Because of his own drinking, which, he claimed, had put him in a bit of an alcoholic haze, Harvey Green lost track of Olivia when the fight broke out. When he decided it was time to head back to the camp, she was nowhere to be found.

The next day, camp authorities reported her disappearance. A huge hunt was launched, involving Tamarack County Sheriff’s personnel, the state patrol, Minnesota’s Bureau of Criminal Apprehension, and, because of the Kings’ Fargo connection and the possibility that the girl had been abducted and taken out of state, the FBI. Everyone who could be identified in the bar the night the girl went missing, particularly the members of the two gangs, was hauled in and relentlessly questioned, to no avail. The bar had no security cameras, so no record of comings and goings. The town of Yellow Lake was turned upside down in the search for clues, evidence of what might have occurred.

There was hope of a ransom demand, but when nothing materialized, the family offered a reward of $50,000 for information that led to finding their daughter. Every call that resulted, and there were hundreds, was followed up but led nowhere.

The search had been ongoing for two weeks. They’d pinged her cell phone location, checked phone records, her text messages, social media posts. Everything ended the night she’d disappeared. They’d grilled Harvey Green and once again grilled everyone they could identify as having been in the bar that night. But until Waaboo stumbled upon a grave as he picked blueberries, there’d been no progress.

While Cork remained in the clearing, Daniel English took Waaboo and Stephen home, where he planned to call the situation in to the Tamarack County Sheriff’s Department. The drive took only half an hour, but because his son was unusually quiet, it felt like forever to Daniel.
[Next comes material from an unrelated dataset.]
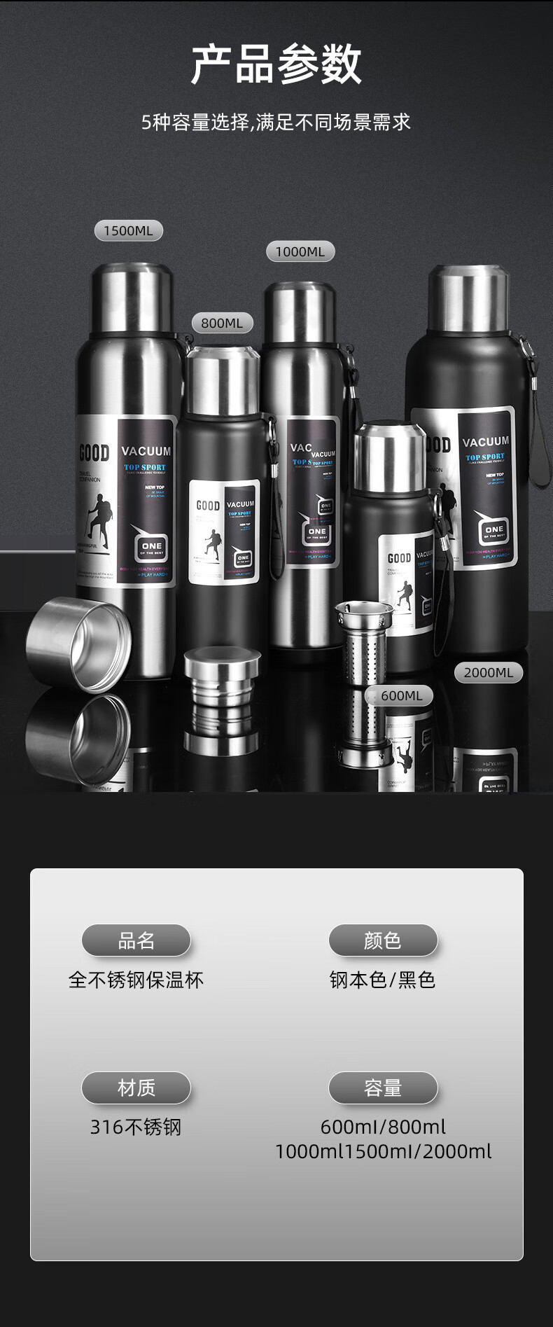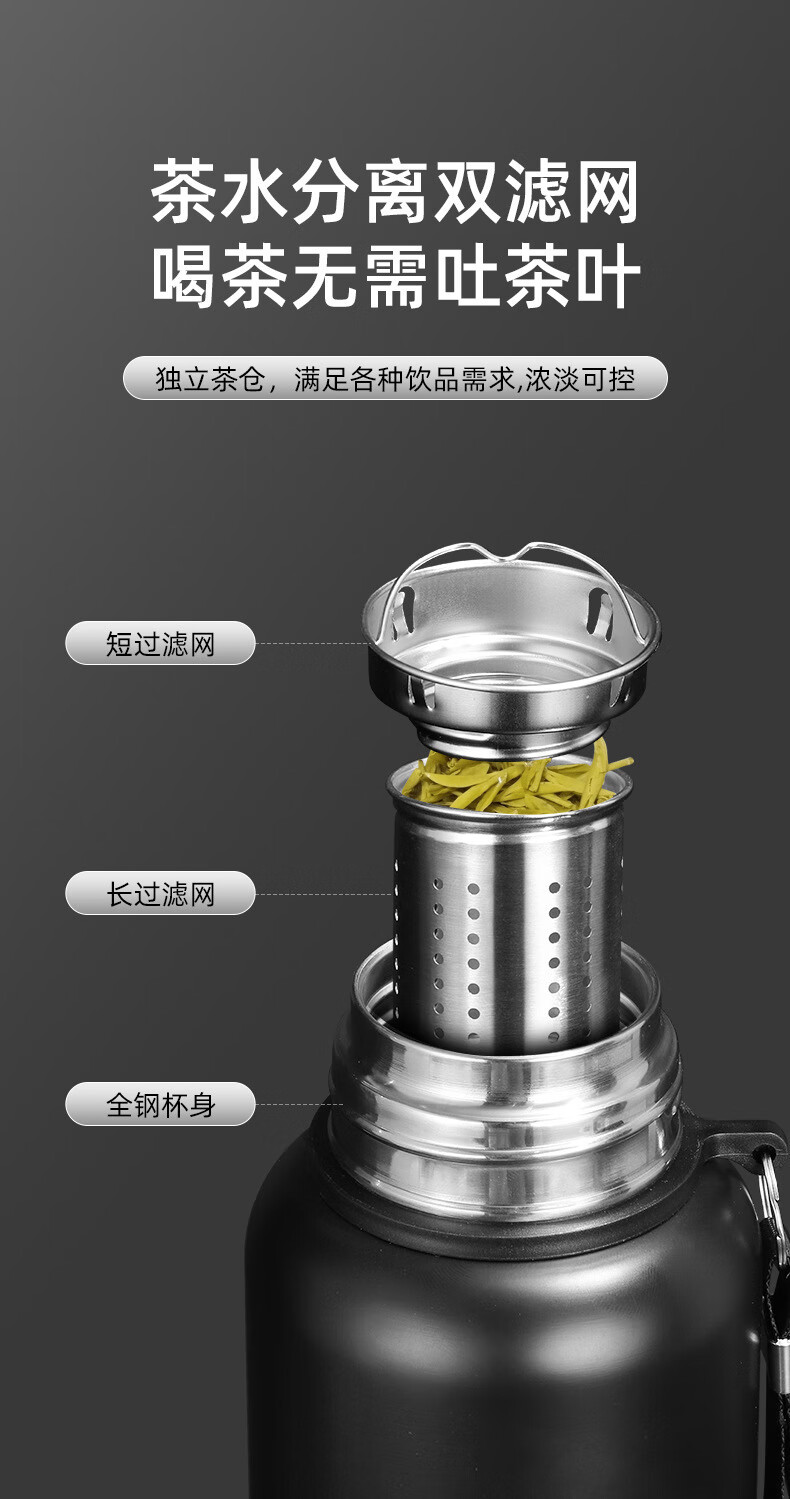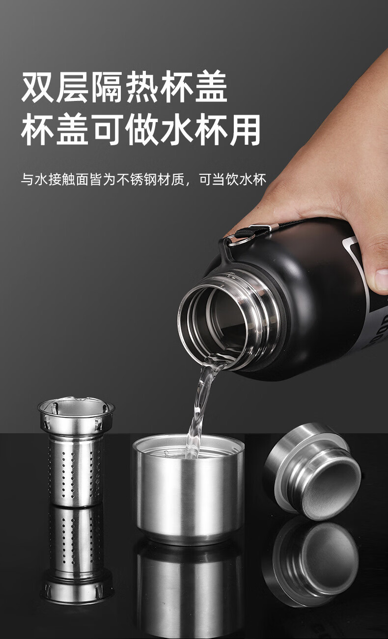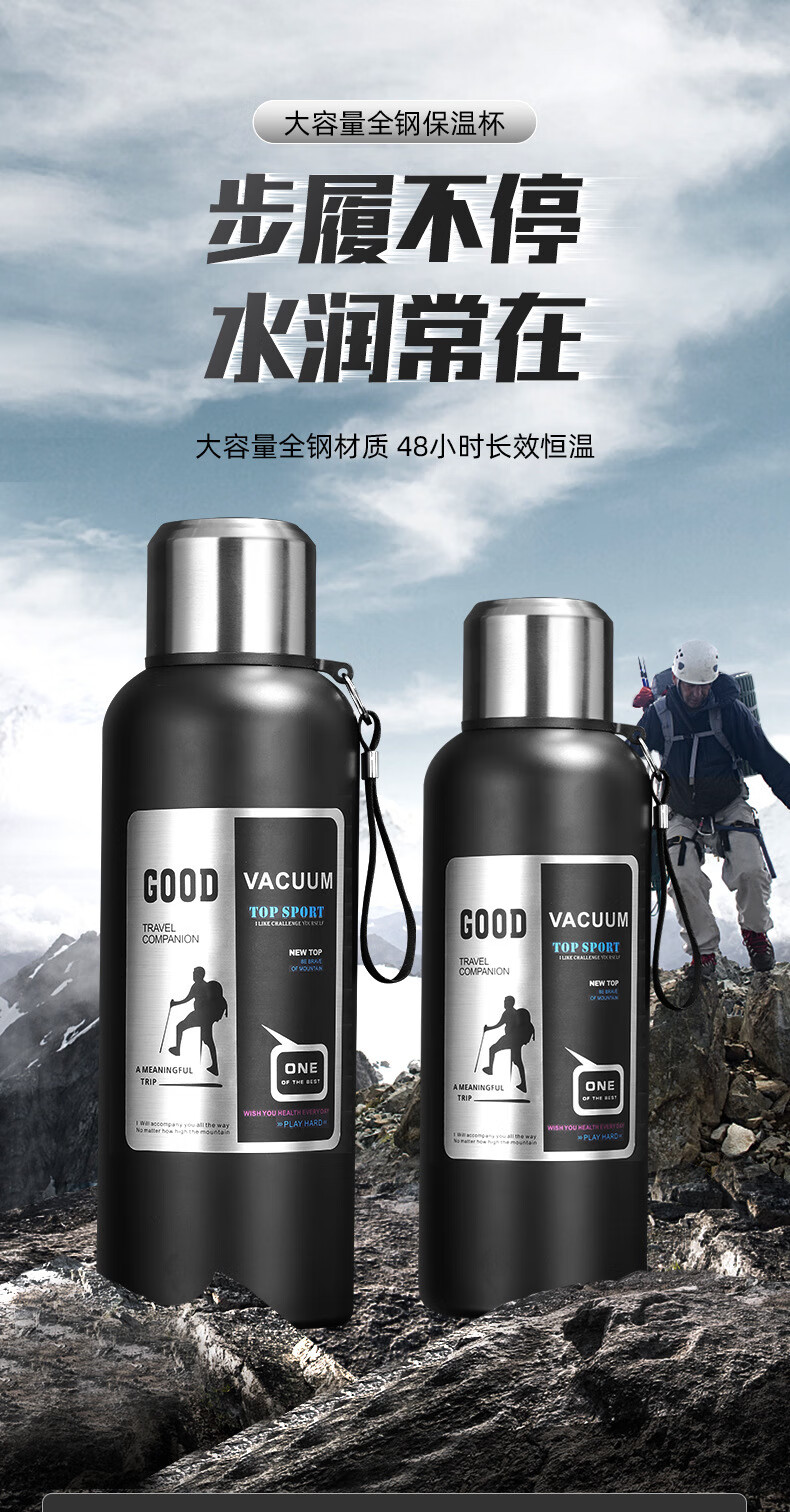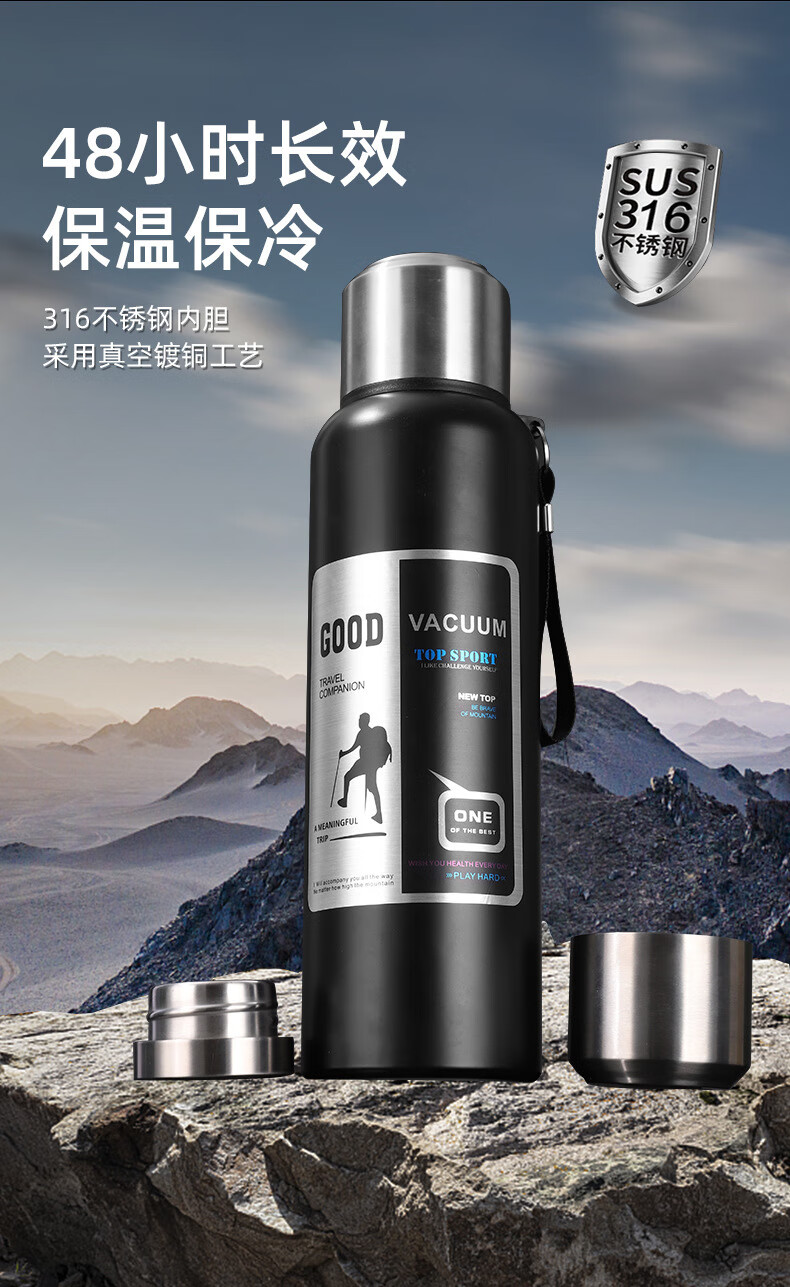 WFFPM德国品牌316不锈钢保温杯男士户外旅行登山水杯便携大容量保温杯 钢本色1500ml 9.6cm*35cm

“She must have been looking at the sun,” Waaboo finally said. “Her eyes looked hurt.”

“Nothing hurts her now,” Stephen said. “She’s walking the Path of Souls.”

Waaboo shook his head. “Not yet. She’s still lost.” And he was quiet again.

“What did she look like?” Daniel asked.

“Like you and me.”

“Ojibwe?”

Waaboo nodded.

At the house on Gooseberry Lane, Jenny O’Connor and Rainy Bisonette were painting the railing and front porch posts. Jenny was Waaboo’s mother, Rainy his grandmother. They waved as Daniel pulled into the drive, but when they saw the empty hands of the men and the boy, who approached them across the lawn, Jenny said, “No blueberries? What happened?”

Before Daniel could respond, Waaboo said, “I saw a dead woman.”

Jenny had been holding a brush filled with paint. Daniel saw that her clothes and her face were spattered with spots like white freckles. She gave him a dark look of concern and puzzlement.

“Waaboo, I think your grandma has some cold lemonade for you inside.” Daniel looked hopefully at Rainy, his aunt.

“Of course,” Rainy said. “And there are fresh chocolate chip cookies in the jar.”

“She can’t find the Path of Souls,” Waaboo said.